F. Pengendalian Impuls
Terganggu

G. Daya Nilai
1. Norma sosial : Terganggu
2. Uji daya nilai : Terganggu
3. Penilaian realitas : Terganggu

H. Tilikan (Insight)
Derajat 1 (pasien tidak merasa dirinya sakit).

I. Taraf Dapat Dipercaya


Dapat dipercaya
III. PEMERIKSAAN DIAGNOSTIK LEBIH LANJUT
1. Status Internus :
Keadaan umum tidak tampak sakit, kesadaran kompos mentis, tekanan darah
110/80 mmHg, nadi 80 kali/menit, frekuensi pernafasan 20 kali/menit, suhu
tubuh 36,6 ° C.
2. Pem. Fisik, pem. Laboratorium dan penunjang lainnya tidak dilakukan.

IV. IKHTISAR PENEMUAN BERMAKNA


Pasien perempuan usia 36 tahun dibawa keluarganya untuk pertama kalinya
ke RSKD dengan keluhan utama mengamuk yang dialami sejak 1 hari yang lalu.
Pasien mengamuk dengan memukul tetangga dengan tangan kosong karena ditegur
oleh tetangganya sehingga pasien marah. Pasien tertawa sendiri, bicara sendiri, dan
menangis tiba-tiba. Pasien berulang kali menyapu dan membersihkan dirinya.
Tidur teratu, makan teratur, jarang mandi. Pasien marah bila ditegur.
Perubahan perilaku pada pasien terjadi sejak Maret 2016 (± 18 bulan yang
lalu), pasien marah dan mengamuk setelah bermasalah dengan pagar batas rumah
dengan tetangga, sehingga pasien menjadi murung dan sedih, mengurung diri di
rumah. Pasien menjadi sering bicara sendiri, dan menjadi sulit tidur, selalu merasa
ada polisi yang akan menangkap dirinya dan takut untuk keluar rumah. Pasien
menjadi tidak ingin makan pemberian orang lain karena ingin diracun, sehingga
pasien makan hanya hasil masak sendiri. Pasien sulit tidur, makan dan mandi
teratur. Sebelum sakit, pasien dulunya merupakan seorang yang pendiam dan
mudah tersinggung.

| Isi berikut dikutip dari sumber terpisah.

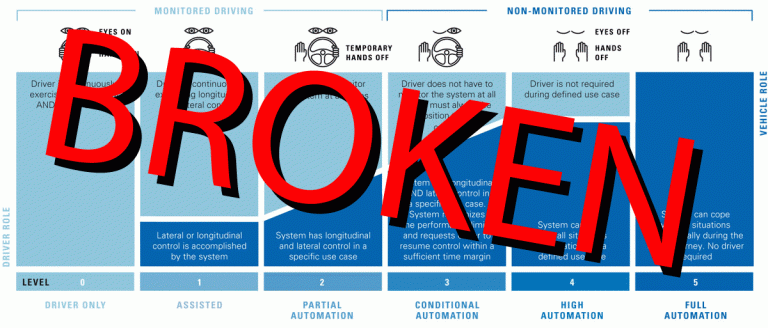 I’m no Ayrton Senna, and never claimed to be. But I always thought I was “safe”, if not way better than the average driver. That may be true, but I still hit that pillar. In that moment, driving a popular crossover, in conditions similar to what millions around the world experience every day, I failed. I was lucky there wasn’t child instead of that pillar. There’s no excuse for it. But there are two good answers. We need better systems to help humans control machines where machines are incapable of taking full control. That’s called parallel automation, and it’s what you find in an Airbus, and where Toyota is trying to go with their Guardian systems. We should also embrace safety when and where we can, as long as it augments human freedom rather than limits it. That’s L4 automation, and it can’t be deployed until we — all of us — agree on what “safe” means. The self-driving sector has a lot of work to do, but so do humans.

Tidak ada riwayat pengobatan sebelumnya dan tidak ada yang
mengalami gejala yang sama dalam keluarga.
Dari pemeriksaan status mental didapatkan seorang perempuan dengan
perawatan diri kurang, kesadaran berubah, perilaku dan aktivitas psikomotor
gelisah, keadaan mood sulit dinilai, afek tumpul, dan empati tidak dapat
dirabarasakan, daya konsentrasi baik, orientasi waktu, tempat, dan orang baik, daya
ingat, dan pikiran abstrak baik, kemampuan menolong diri sendiri kurang. Adanya
halusinasi yang merasa pasien ingin dicelakai, Arus pikir dengan produktivitas
cukup, kontinuitas baik, dan tidak ditemukan hendaya berbahasa. Preokupasi ada
dan gangguan isi pikir ada berupa waham persekutorik. Pengendalian impuls
kurang, daya nilai terganggu. Tilikan derajat 1 dimana pasien tidak merasa dirinya
sakit dan secara umum yang diutarakan oleh pasien dapat dipercaya.
V. EVALUASI MULTIAKSIAL

Aksis I
Berdasarkan alloanamnesis dan autoanamnesis, didapatkan gejala klinis yang
bermakna yaitu gelisah yang memberat sejak ± 18 bulan yang lalu, sering mengamuk,
berbicara sendiri, mengurung diri, sulit tidur. Keadaan ini menimbulkan penderitaan
(distress) pada pasien dan keluarga serta terdapat hendaya (dissability) pada fungsi
psikososial, pekerjaan dan penggunaan waktu senggang sehingga dapat disimpulkan
bahwa pasien menderita gangguan jiwa.

Pada pemeriksaan status mental ditemukan adanya hendaya berat dalam menilai
realita tidak dapat bekerja seperti biasa dan selalu merasa ingin dicelakai, serta
hendaya dalam fungsi sosial berupa ketidakmampuan membina relasi dengan orang
lain, sehingga didiagnosis Gangguan Jiwa Psikotik.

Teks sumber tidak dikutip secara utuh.